During this sequence, one of our heroes says “Great! So now we’re part of the food chain!” to which one of the sassy female scientist-spelunkers retorts: “We always have been. We’ve just forgotten that in cities.” If you are unprepared to have your assumptions about nature vs. nurture, the dominance of humankind and the downside of large-scale urban planning called into question, I highly recommend that you view this film only under highly supervised conditions.

So they have to do some whitewater rapid-running five miles underground, sure, and after a while you’re like “Are they going to get attacked by monsters here, or what?” but, 54 minutes in, they finally realize that there are serious monsters in the cave and not long after that the attacks begin. First Piper, whose character is named Charlie [because real women cannot be powerful or capable without some hint that they are like a man], goes all Mountain Dew and climbs this steep rock face to get to this tiny hole which is stuffed with beastie filling. She jumps out, falls several hundred feet, and is yanked to an abrupt stop by a cord around her waist, which surely would have broken her back, had she been less X-Treme. No, she’s fine, and in the bright illumination of the earth’s interior, she goes all De La Guarda, running along the rock wall [please view the Power Piper® photo presented below] to blast the beastie in the face with her improvised flamethrower. Then the monster lands on her and HUMPS her. I am not kidding. He may have been doing more, only we are unable to see it. She kills him, but he also kills her, and although you might have thought, based on her male name, that Piper was going to make it to the end, she obviously traded that in for a showcase sequence in which she out-wonders Wonder Woman and goes out in a blaze of glory.

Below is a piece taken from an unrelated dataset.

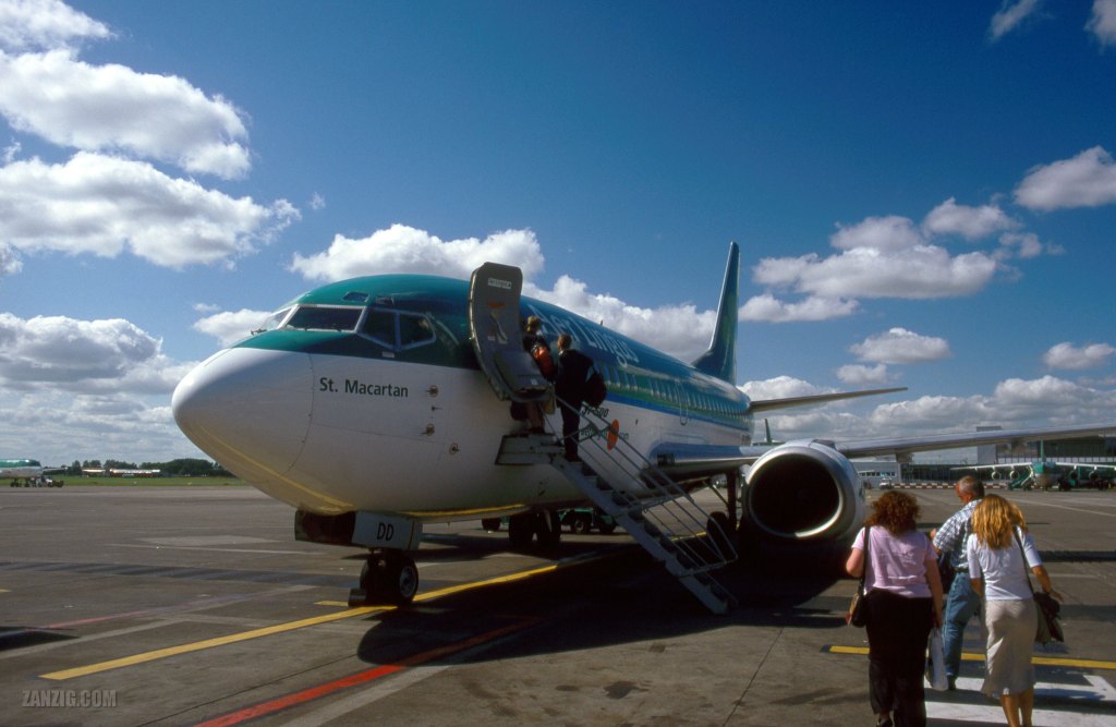 AUGUST 2003 – Passengers board EI-CDD (St. Macartan), a Boeing 737-500 of Aer Lingus, at the airport of Dublin in Ireland. © Mark Zanzig/zanzig.com

From here we get a lot of various attacks, most of which don’t show us anything except second-long edits of objects in a blur of motion. But such is PG-13 horror that doesn’t have the smarts to make the most of composition, editing or sound [or cinematography, or writing, or music, or…] to create scares without gore. At one point they are in this huge ice cave, which we find out is a mere few feet from the fire cave. Blah, blah, blah, attack, attack, until finally at the end there’s a huge underground explosion [they sure travel with a lot of hardcore explosives], and eventually they take a right turn and end up in the open ocean, and are fine. Then there’s a short, stupid epilogue in which they pack Morris Chestnut [who can nut on my chest anytime, btw] into a cab, then we see that the surviving woman is part beastie now, meaning that she has brought the venereal disease out of the cave and is now going to go about spreading it to the general population. Evil, diseased women! Stick with virgins, fellas! The hymen is your friend!

Overall, massively dumb, but kind of fun. Probably fun precisely because it’s so massively dumb, and keeps whipping out new massively dumb elements every few seconds. Woe to anyone who saw this hoping for something genuinely scary, but if you’re up for a silly and stupid amusing time, go for it.

Should you watch it: 

Sure, just go in expecting crap. This would be a good one with some friends and a good buzz, although I enjoyed it just fine with a comatose bunny and some Crystal Light.

THE DESCENT is almost the same movie, just good. It has real scares, real gore, real characters, quality direction, intense scenes, and does not have a subtext about how women’s vaginas are unclean and if you stick your dick in anyone who isn’t a virgin you’ll get a horrible, flesh-mutating disease.